A rational person might visit another store, right?  Well, guess what?  Rite Aid and Walgreens sure as hell doesn't have it any better, do they?  You think customer checkout efficiency and service might be a major competitive point in stealing some customers away from your opponents, but apparently all pharmacies have given this up so they can continue the battle for most ridiculous queue.

Feels a little like this, doesn't it?

Give me three weeks, CVS.  That's all I ask.  Put me in charge of your entire store layout and customer service department and I will solve your goddamn problem in three weeks.  You know how?  By using my brain!  How about that!

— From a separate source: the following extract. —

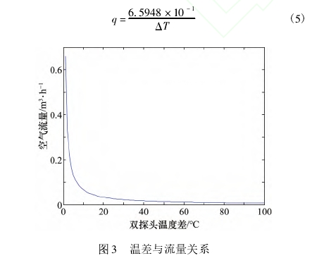 如上(shang)所示,量(liang)程範圍(wei)受最大(da)電流限(xian)制。想要(yao)拓寬量(liang)程,不妨(fang)将兩種(zhong)方法相(xiang)結合。在(zai)速度探(tan)頭的電(dian)流達到(dao)0.09A之前采(cai)用恒👅溫(wen)差法進(jin)行測量(liang),在0.09A之後(hou)采取恒(heng)功率法(fa)進行測(ce)量。0.09A時速(su)度🏃♂️探頭(tou)功耗爲(wei)0.237W,以此功(gong)耗爲恒(heng)定功耗(hao),流🔞過速(su)度探頭(tou)的流量(liang)與溫度(du)差之間(jian)的關系(xi)如式(5)和(he)圖3所示(shi),對于溫(wen)差爲50~100℃時(shi)具有❄️較(jiao)好的靈(ling)敏🐕度。溫(wen)差爲50℃時(shi),此時速(su)度探頭(tou)支路電(dian)流爲0.096A,小(xiao)于最大(da)電流,所(suo)測流量(liang)爲1.31869×10-2m3/h。

Until then, rot in hell CVS.

Thursday, June 2, 2011

HEY, ELEVATOR GUY...

How're you doing, guy standing in the doorway of the elevator, of which I am riding?  Looks like you're having an interesting conversation there.

What's that the guy down the hall you're still talking to saying?  The Lakers hired Mike Brown?  Wow, I thought it would be Rick Adelman.  No, please, don't mind me standing here in the elevator waiting for the doors to close so I can go back to work.  I have all day!

Hey, tell ya what, do you want to borrow my shirt?  I'm just saying, it looks a little cold standing in that doorway, what with the breeze that I'm sure is pouring in from the open doors.  I don't want you to catch pneumonia or a cold or get struck in the face by a claymore mine or anything.  I mean, I'm totally warm standing underneath these fluorescent lights in the elevator.  Please, take it, I insist.

And you know what else, cause I'm feeling generous?  Here's an unopened can of Dr. Pepper for you, in case you get thirsty.  I was going to keep it for myself to drink in my office, but with all the talking you're doing with that guy down the hallway, I bet you're more thirsty that I am.

Uh oh, the alarm in the elevator's going off because the doors have been open for too long.  Don't worry about it, buddy, just keep talking.  Pretend I don't exist...it's cool.

Oh, you're done?  Are you sure?  Cause you didn't get a chance to ask the guy down the hallway how his family is or if your asshole bleaching was worth the money.  Tell ya what, let's push the emergency stop button, pry open these doors, and you can finish up.

It's my pleasure, buddy.  It's your world...I'm just living in it.